А лицо и вправду белое у него, словно бы сеяная мука или снег – или свет? Светлое! «Светоносное», – скажет поздним вечером, проводив гостя, Мария. Семен сам не увидел света, ему казалось только, что в лице инока была необычайная белизна.
Вот они сидят все перед ним: седой, сухоподобранный, словно бы застывший в годах на века Алексий, его совесть, и зов, и совет, и укор; Стефан, коему поверяет он тайны свои и который умеет слушать, и изречь, и утешить порой; и третий, юный, неведомый, пред которым Маша только что невесть почему, опустилась на колени…
Вот они сидят и ждут, а он сам ждет. Утешения? Ободрения? Веры?
«Все ли сказано этому иноку?!» – гневает про себя князь, не понимая уже, зачем звал, зачем послушал Алексия. Еще один монах, еще одна исповедь…
– Я позвал тебя… – начинает он затрудненно, сдвигая сердитые складки лба.
– Прости, князь! – перебивает его молодой инок. – Мне уже все ведомо от брата моего Стефана!
– И что скажешь ты, что изречешь? – спрашивает Семен, желая (и не желая вовсе) услышать новые слова утешения, новые ободрения и призывы к твердости духа… И Алексий взглядывает на Сергия сожидающим взглядом, верно, тоже хочет тех утешительных слов.
– Кару господню надо принимать без ропота, – говорит молодой монах.
– Кару? – переспрашивает Семен.
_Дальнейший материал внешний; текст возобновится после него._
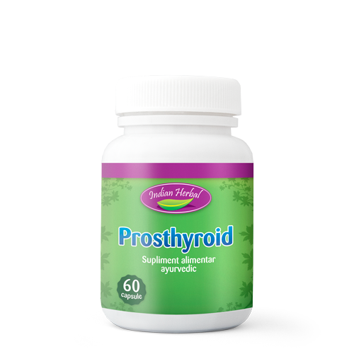 Prosthyroid nu contine hormoni, fiind un produs 100% natural, lipsit de efecte secundare. Plantele din componenta produsului actioneaza asupra tiroidei, in scopul normalizarii secretiei de hormoni proprii si stimularii functiei organismului de asimilare si metabolizare a iodului din alimente.

Ради гостей он приодет и причесан, в зеленом травчатом шелковом сарафане, в тимовых сапогах, шитых жемчугом, но в душе его та же прежняя сумятица чувств, и он не враз и не вдруг понимает молодого инока.
– Для чего ты позвал меня, князь? – спрашивает инок в свой черед. – Любой чернец скажет тебе то самое, что скажу тебе я. Надо трудиться, прилагая все силы свои, до последнего воздыхания, не лукавя и не ленясь. И тогда воздастся тебе то, что должен ты получить по изволению свыше! Так пахарь взрывает землю, и сеет зерно, и знает сроки свои, и верит, что взоранная пашня не зарастет лебедою, что семя взойдет и что хлеб не сгниет на корню. И зная, веря, уповая, все-таки отдает пашне все силы свои, так что и не спит и почти не ест порою. И это каждый год, и всю жизнь, невзирая на тощие лета, на дожди и мразы, губящие обилие, с единым упованием – Господу Богу своему. И пахарь вознагражден всегда, ибо жив народ и хлеб не иссякает у трудящегося в поте лица своего. И это чудо, ибо помысли, князь: единое лето токмо не была бы засеяна земля, и единым летом окончил бы гладом дни свои русский народ! Но прошли века, и лихолетья, и беды, и еще не настало лета без засеянных нив и без урожая хлебов! Тут недород, там война – привезут из соседней земли, из соседней волости. Кольми паче мы все, кормящиеся со стола пахаря, должны работати ближнему? И ты, князь, не прежде ли всех?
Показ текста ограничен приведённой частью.